Now we know what the function should look like:

function LCS(i: int, j: int) -> int

The return value is the length of the longest common subsequence.

# 1.2 Base cases

  1. If either string is empty, then their common subsequence is the empty string with 0 length.
  2. If either i or j goes out of bounds, common subsequence is nothing \implies length is also 0.

Therefore:

\begin{aligned}\text{LCS}&(i, \red {n + 1}) &= 0\\
\text{LCS}&(\red {m + 1}, j) &= 0
\end{aligned}

# 1.3 Recursive Cases

Let’s first consider what a choice is. A choice is whether to take or skip a character in the string.

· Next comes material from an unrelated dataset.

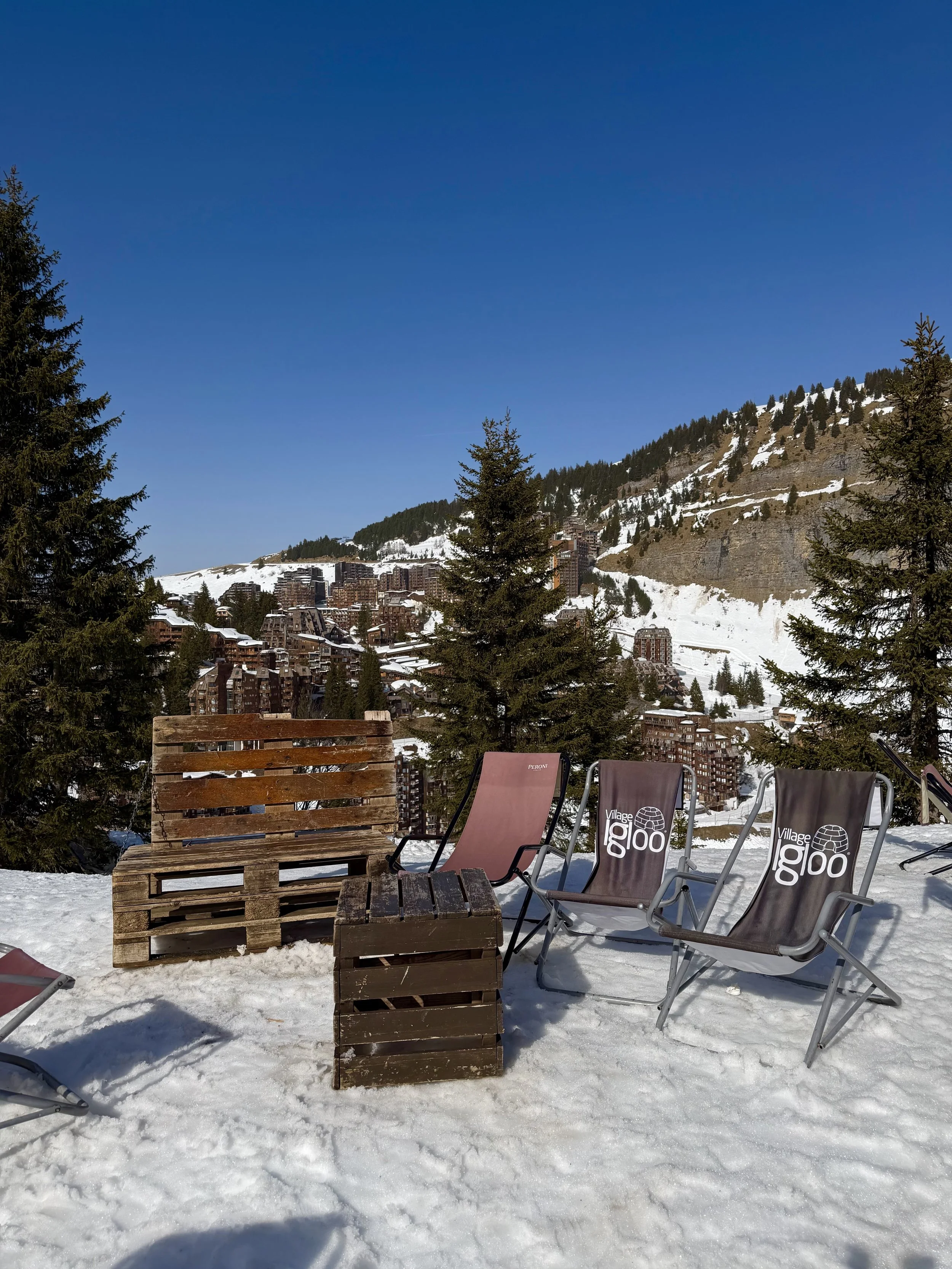 Sunchairs are super comfy and you’ll have a great view looking down over Avoriaz and restaurants Les Trappeurs Chez Flo, L’Express

There are only 2 valid choices at a time:

  1. If the current character matches, then we definitely take from both
  2. If the current character doesn’t match, then we must skip either i or j.

Now we consider how to make a choice. From 1.1 we observed that:

  • If we want to take the current pair, we advance both i and j.
  • If we skip, we try to advance i or j. Try both and we will take the better one with a max(...) call.

# 1.4 Building the recurrence

Combining 1.2 and 1.3, we can write:

\text{LCS}(i, j) = \begin{cases}
0 & \text{if $i = m+1$ or $j = n+1$} \\
\text{Take both }&\text{if } X[i] = Y[j]\\
\max\left.\begin{cases}
\text{Skip }i\\
\text{Skip }j\\
\end{cases}\right\}
&\text{if }X[i]\ne Y[j]
\end{cases}

Convert to expressions:

\text{LCS}(i, j) = \begin{cases}
0 & \text{if $i = m+1$ or $j = n+1$} \\
\text{LCS}(i + 1, j + 1) + 1&\text{if } X[i] = Y[j]\\
\max\left.\begin{cases}
\text{LCS}(i+1, j)\\
\text{LCS}(i, j + 1)\\
\end{cases}\right\}
&\text{if }X[i]\ne Y[j]
\end{cases}

In pseudocode:

// Givens
const X[1...m]: string = ...
const Y[1...n]: string = ...

function LCS_length(i: int, j: int) -> int:
	if i == m + 1 or j == n + 1:
		return 0
	if X[i] == Y[j]:
		return LCS_length(i + 1, j + 1) + 1  // always take if characters match
	else:
		skipI = LCS_length(i + 1, j)  // try to skip i
		skipJ = LCS_length(i, j + 1)  // try to skip j
		return max(skipI, skipJ)

# 1.5 Python: Backtracking LCS

Github


# 2. Convert to Dynamic Programming

# 2.1 Data Structure

LCS needs 2 arguments, so let’s use a 2D array. Let’s define:

dpTable = Array(shape=(m + 1, n + 1))

To get the result of a previous call, we can use dpTable[i, j].

# 2.2 Order of Evaluation

From the recurrence above, the \text{LCS}(i, j) call requires:

  • \text{LCS}(i+1, j + 1)
  • \text{LCS}(i+1, j)
  • \text{LCS}(i, j+1)

Since i + 1 > i and j + 1 > j, both i and j needs to go from high values to low values, which means we use reversed for loops for both. The nesting order doesn’t matter here because i and j don’t depend on each other.

In pseudocode:

function LCS_length_DP(X[1...m], Y[1...n]) -> int:
	dpTable = Array(shape=(m + 1, n + 1))

	// base cases
	for j = 1 to n + 1:
		dpTable[m + 1, j] = 0  // LCS(m+1, j)
	for i = 1 to m:
		dpTable[i, n + 1] = 0  // LCS(i, n+1)

	// Recursive cases & order of evaluation
	for i = m to 1:
		for j = n to 1:
			if X[i] == Y[j]:
				//  LCS(i, j) = LCS(i+1, j+1) + 1 if X[i] == Y[j]
				dpTable[i, j] = dpTable[i + 1, j + 1] + 1
			else:
				skipI = dpTable[i + 1, j]  // LCS(i+1, j)
				skipJ = dpTable[i, j + 1]  // LCS(i, j+1)
				dpTable[i, j] = max(skipI, skipJ)
				// LCS(i, j) = max(LCS(i+1, j), LCS(i, j+1))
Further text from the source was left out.